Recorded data
- - -
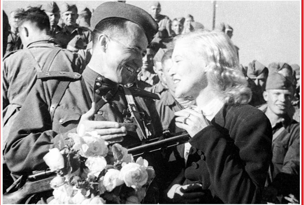
Долгожданная встреча с артисткой.
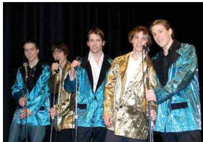
La comédie musicale des élèves de 4 e secondaire fut un succès mémorable! La tradition est partie, on en refait une cette année encore !
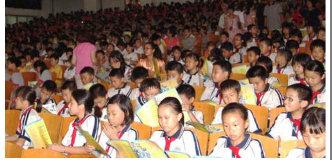
《錢要搬家啦?!》開演前觀眾閱讀節目書
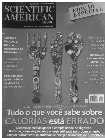
Figura 4. Revista Scientific American – calorias
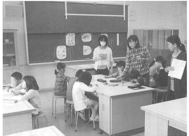
▲チャレンジプランでのグループ学習の様子

教育については将来にわたり常に点検していくことが必要です。各学校は説明責任を果たすとともに、保護者や地域の皆さんに校区の教育について理解していただけるよう、「学校版教育環境会議」を開催しています。
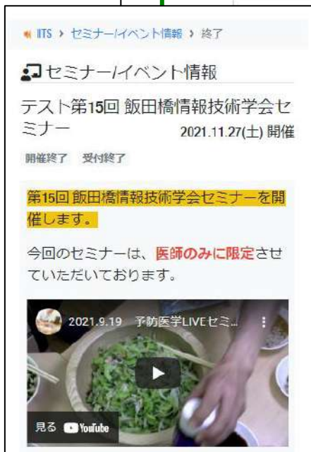
・会員マイページでの映像配置例
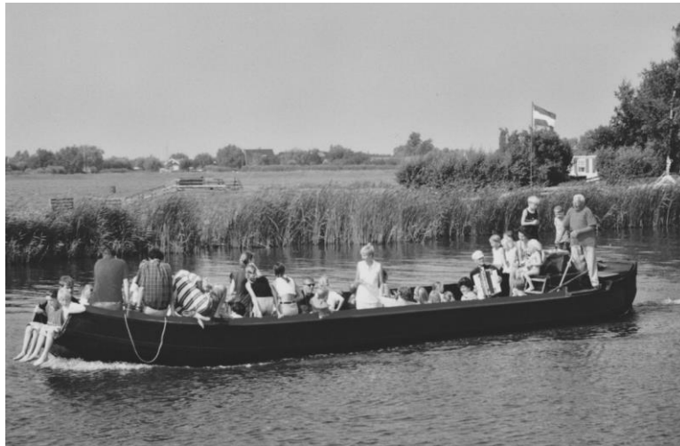
Uitje met de veeschouw van Jaap van der Star (Rijpwetering). Kinderen zitten in de open bek. Muziek van een accordeon.
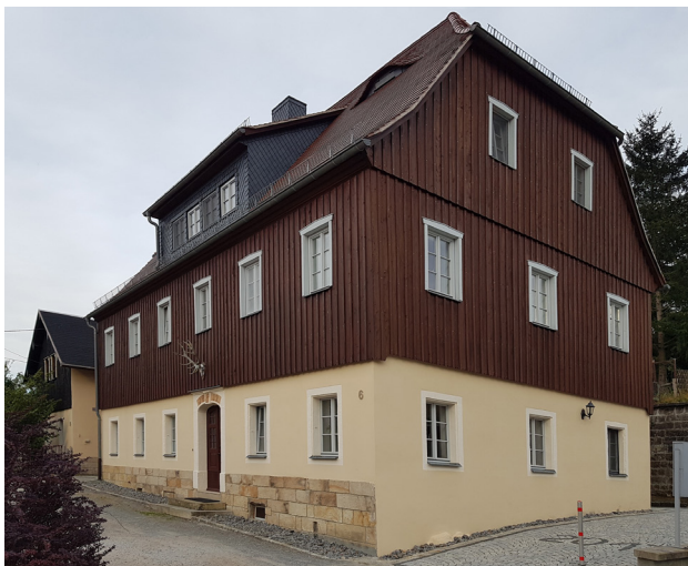
Abb. 3: Das Ottendorfer Forsthaus

Etwa 1927 gab es (SHB 1927 [S. 225] S. 203) eine Forst-Umstrukturierung. Die alten (revierleitenden) Oberförstereien wurden größeren, neu geschaffenen Forstämtern unterstellt. Die Ottendorfer Oberförsterei wurde dem Forstamt Hinterhermsdorf unterstellt und verbleibt nur noch als Forstwartei. Die Forstreviere Mittelndorf und Postelwitz erscheinen im Messtischblatt nun zu einem Forstrevier Bad Schandau vereinigt. Das dortige Forsthaus an der Lindenallee in Bad Schandau (heute Nationalparkverwaltung) ist das Forstamt.
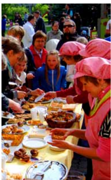
Ostjaid oli rohkesti ja kõik koogid said müüdnud
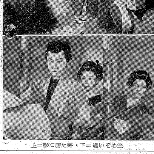
上=影に居た男、下=逢いぞめ笠

あす衛生会議 平、内閣、警備、勿来、五、はじむ。町町衛生課長、主任委員、十九日午前十時より平保健 あす衛生会議 平、内閣、警備、勿来、五、はじむ。町町衛生課長、主任委員、十九日午前十時より平保健
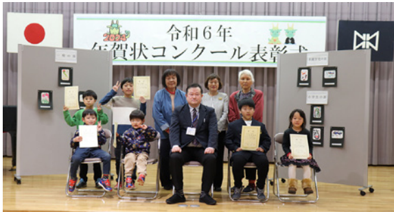
受賞者のみなさん
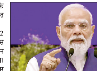
के लिए अनिवार्य थे, हमने बहुत ही सधे हुए तरीके से उन फैसलों को भी लिया। पहले की सरकार अनुच्छेद 370 की बात करने से डरती थीं, हमने अनुच्छेद 370 हटाकर पूरे देश में संविधान को समान रूप से लागू किया। प्रधानमंत्री ने कहा कि हम मध्यम वर्ग के सामने आने वाली चुनौतियों और बेहतर भविष्य की उनकी आकांक्षाओं को समझते हैं। उनकी सहायता के लिए, 12 लाख रुपए प्रति वर्ष तक की आय अब कर मुक्त है। आज देश एक सरल और पारदर्शी कर प्रणाली से लाभान्वित हो रहा है। बेहतर बुनियादी ढांचे ने दैनिक जीवन को आसान बना दिया है, और पिछले 12 वर्षों में मध्यम वर्ग के बच्चों के लिए नए अवसर सृजित हुए हैं। उन्होंने कहा कि राष्ट्र किसी भी राजनीतिक दल से बड़ा है, और जब हम 'राष्ट्र सवोर्धर' की भावना से काम करते हैं, तो कोई भी निर्णय कठिन नहीं होता।

बैठक को संबोधित करते हुए मोदी ने कहा, 12 साल में देश कांग्रेस के कुचक्र से आजाद हुआ। इस कुसंस्कृति का नाम कांग्रेस ग्रीष्म रेट था। इसमें न गवर्नेंस थी, न नीति, न नीयत और न ही निर्णय। नाकामी कांग्रेस की थी लेकिन कलंक हिंदू आबादी पर लगाया गया। उन्होंने कहा कि दल से बड़ा देश है और जब नेशन फर्स्ट की भावना से काम होता है, तो कोई भी निर्णय कठिन नहीं होता। ऐसे फैसले, जिन्हें पहले असंभव समझा गया और जो देश के सुरक्षित भविष्य
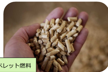
木質ペレット燃料
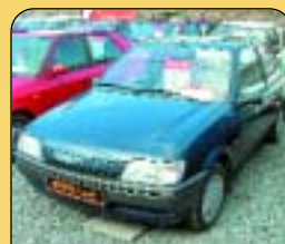
Ford Fiesta 1.3 - úprava pro invalidy, r. v. 1996, 95 tis. km, rádio, alarm, tažné, centrál. Cena: 79 900 Kč.
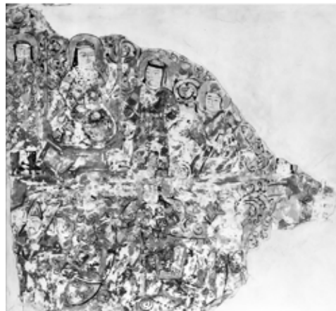
تصویر ۹: قطعه‌ای از دیوارنگاره، ری، قرن ۶ یا ۷ هجری، موزه هنر هاروارد ( www.harvardartmuseum.org )

مصنوعات بسیاری (به‌ویژه قطعات کاشی) از سده هفتم هجری به‌جای مانده که دارای کتیبه‌ای حاوی یک یا چند بیت از اشعار شاهنامه‌اند - همگی با تصاویر نامرتبط - که این حاکی از فراگیر شدن تدریجی اشعار شاهنامه و محبوبیت آن در سطح عمومی بوده است. بنا بر نظر آدامووا قدیمی‌ترین نسخه شناخته‌شده از شاهنامه (نسخه فلورانس با تاریخ ۶۱۴ هجری) - که البته غیرمصور است - درست مربوط به همین دوران است (هیلن براند ۱۳۸۸، ۱۱۳). به هر
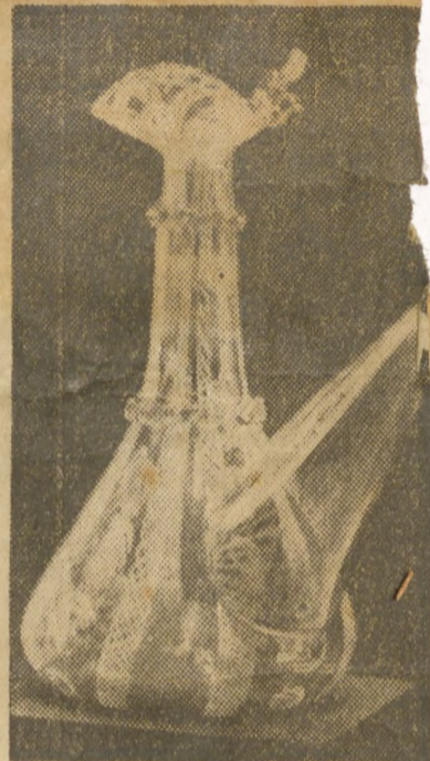
Porrón del siglo XVIII. Vidrio azul claro soplado con franjas y óvalos lactinios. El modelo de hace dos siglos para el vino, se encuentra aun ahora vigente entre los campesinos españoles.

Aparte de los antecedentes autóctonos, se da por cierta una gran influencia de los vidrios venecianos —desde las primeras décadas del siglo XVI— con los cuales llegaron a rivalizar. Tradiciones distintas y elementos de
- - -
● Exercise objective
Look above for the line with "Uitje met de", then give again exactly every line from there through the line with "上=影に居た男、下=逢いぞめ笠", skipping the pictures.

● Solution to the problem
Uitje met de veeschouw van Jaap van der Star (Rijpwetering). Kinderen zitten in de open bek. Muziek van een accordeon.
Abb. 3: Das Ottendorfer Forsthaus

Etwa 1927 gab es (SHB 1927 [S. 225] S. 203) eine Forst-Umstrukturierung. Die alten (revierleitenden) Oberförstereien wurden größeren, neu geschaffenen Forstämtern unterstellt. Die Ottendorfer Oberförsterei wurde dem Forstamt Hinterhermsdorf unterstellt und verbleibt nur noch als Forstwartei. Die Forstreviere Mittelndorf und Postelwitz erscheinen im Messtischblatt nun zu einem Forstrevier Bad Schandau vereinigt. Das dortige Forsthaus an der Lindenallee in Bad Schandau (heute Nationalparkverwaltung) ist das Forstamt.
Ostjaid oli rohkesti ja kõik koogid said müüdnud
上=影に居た男、下=逢いぞめ笠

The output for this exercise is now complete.